Information supplied:
◇ ◇ ◇ ◇ ◇
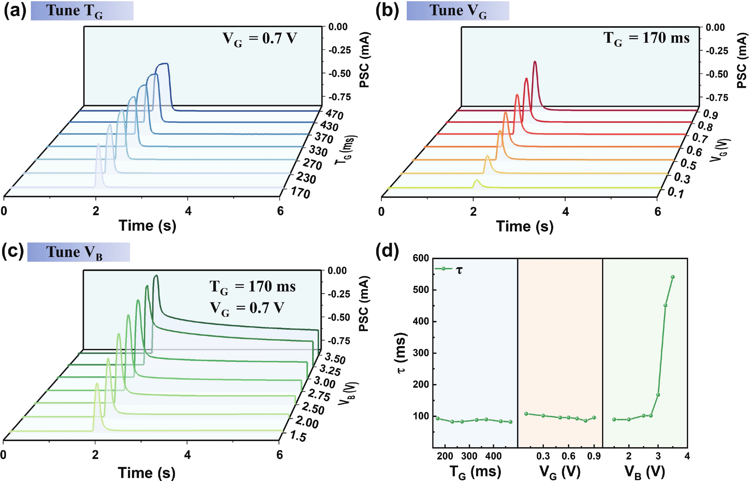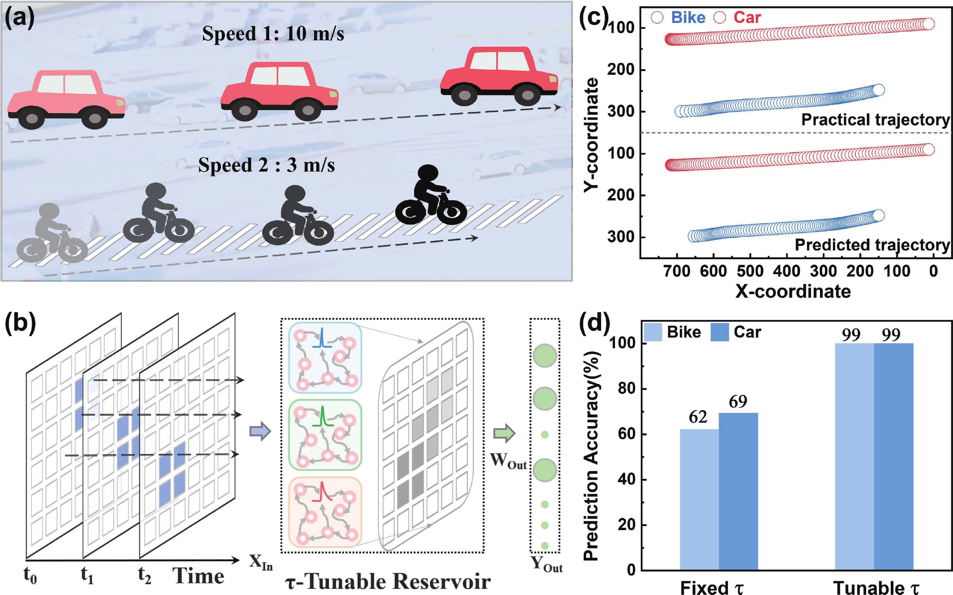 Abstract: Organic electrochemical transistor (OECT) devices demonstrate great promising potential for reservoir computing (RC) systems, but their lack of tunable dynamic characteristics limits their application in multi-temporal scale tasks. In this study, we report an OECT-based neuromorphic device with tunable relaxation time (τ) by introducing an additional vertical back-gate electrode into a planar structure. The dual-gate design enables τ reconfiguration from 93 to 541 ms. The tunable relaxation behaviors can be attributed to the combined effects of planar-gate induced electrochemical doping and back-gate-induced electrostatic coupling, as verified by electrochemical impedance spectroscopy analysis. Furthermore, we used the τ-tunable OECT devices as physical reservoirs in the RC system for intelligent driving trajectory prediction, achieving a significant improvement in prediction accuracy from below 69% to 99%. The results demonstrate that the τ-tunable OECT shows a promising candidate for multi-temporal scale neuromorphic computing applications.
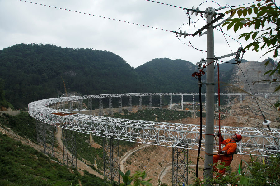 2008年,南方电网 “天眼供电服务队”正式挂牌成立。2011年,在“天眼”建设初期,“大窝凼”的电力只能满足10千瓦的照明用电需求,不能满足“天眼”工程3000千瓦的项目正式用电负荷,一条35千伏克度变电站至“天眼”专用变电站的18.25公里输电线路(含8.9公里地下电缆)的接入迫在眉睫。由于喀斯特洼地不适于用挖掘机械进行作业,于是,烈日炎炎下,团队决定利用工器具,徒手挖掘电缆沟。
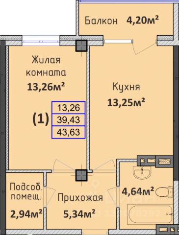Продаётся 1-комнатная квартира в строящемся доме (Секция 1,2), срок сдачи: I-кв. 2026, общей площадью 43.63 кв.м., на 1 этаже. Новый жилой комплекс "Восточный" от застройщика "СЗ СОЛНЕЧНЫЙ ГОРОД" расположен по адресу Краснодарский край, Абинск, Казанская улица, 9.
◇ ◇ ◇ ◇ ◇
Problem requirements: Quote in full the listing given above; the images are to be left out.

Completed exercise:
 Abstract: Organic electrochemical transistor (OECT) devices demonstrate great promising potential for reservoir computing (RC) systems, but their lack of tunable dynamic characteristics limits their application in multi-temporal scale tasks. In this study, we report an OECT-based neuromorphic device with tunable relaxation time (τ) by introducing an additional vertical back-gate electrode into a planar structure. The dual-gate design enables τ reconfiguration from 93 to 541 ms. The tunable relaxation behaviors can be attributed to the combined effects of planar-gate induced electrochemical doping and back-gate-induced electrostatic coupling, as verified by electrochemical impedance spectroscopy analysis. Furthermore, we used the τ-tunable OECT devices as physical reservoirs in the RC system for intelligent driving trajectory prediction, achieving a significant improvement in prediction accuracy from below 69% to 99%. The results demonstrate that the τ-tunable OECT shows a promising candidate for multi-temporal scale neuromorphic computing applications.
 2008年,南方电网 “天眼供电服务队”正式挂牌成立。2011年,在“天眼”建设初期,“大窝凼”的电力只能满足10千瓦的照明用电需求,不能满足“天眼”工程3000千瓦的项目正式用电负荷,一条35千伏克度变电站至“天眼”专用变电站的18.25公里输电线路(含8.9公里地下电缆)的接入迫在眉睫。由于喀斯特洼地不适于用挖掘机械进行作业,于是,烈日炎炎下,团队决定利用工器具,徒手挖掘电缆沟。
Продаётся 1-комнатная квартира в строящемся доме (Секция 1,2), срок сдачи: I-кв. 2026, общей площадью 43.63 кв.м., на 1 этаже. Новый жилой комплекс "Восточный" от застройщика "СЗ СОЛНЕЧНЫЙ ГОРОД" расположен по адресу Краснодарский край, Абинск, Казанская улица, 9.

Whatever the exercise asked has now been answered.